The answer for what is going is comes from actually printing out the __class__ attribute during produce. Each run, the __class__ is actually

<class 'multiprocessing.managers.AutoProxy[numeri]'>

So the numeri object is wrapped in an AutoProxy each time, and the AutoProxy is not always the same. However, the numeri object being wrapped is the same in each call to produce. If you call the appendi method once in produce, then listaNumeri will end up with 10 items at the end of your program.



回答3:

You're confusing the object instance numeri, with its Manager listaNumeri. This can be illustrated by making a few minor modifications to the code:

First add aget_list_idmethod to class numeri(object) which returns the id of the actual internal data structure being used:

    ...                                                   
    def get_list_id(self):  # added method
        return id(self.nl)

Then modifyproduce()to use it:

def produce(listaNumeri):
    print 'producing', id(listaNumeri)
    print ' with list_id', listaNumeri.get_list_id()  # added
    return id(listaNumeri)

Lastly, be sure to expose the new method as a part of the numManager interface:

def main():
    numManager.register('numeri', numeri, exposed=['getLen', 'appendi',
                                                   'svuota', 'stampa',
                                                   'get_list_id'])  # added
    ...                                                   

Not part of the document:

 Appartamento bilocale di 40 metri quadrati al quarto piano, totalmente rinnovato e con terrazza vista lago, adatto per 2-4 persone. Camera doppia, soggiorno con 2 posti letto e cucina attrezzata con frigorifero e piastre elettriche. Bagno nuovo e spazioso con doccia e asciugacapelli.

Afterwards you'll see something like the following output:

13195568
------------ Process
producing 12739600
 with list_id 13607080
producing 12739600
 with list_id 13607080
producing 12739600
 with list_id 13607080
producing 12739600
 with list_id 13607080
producing 12739600
 with list_id 13607080
--------------- Pool
producing 13690384
 with list_id 13607080
producing 13691920
 with list_id 13607080
producing 13691888
 with list_id 13607080
producing 13691856
 with list_id 13607080
producing 13691824
 with list_id 13607080

As this shows, even though there's a different Manager object for each Pool process, they're all using (sharing) the same "managed" data object.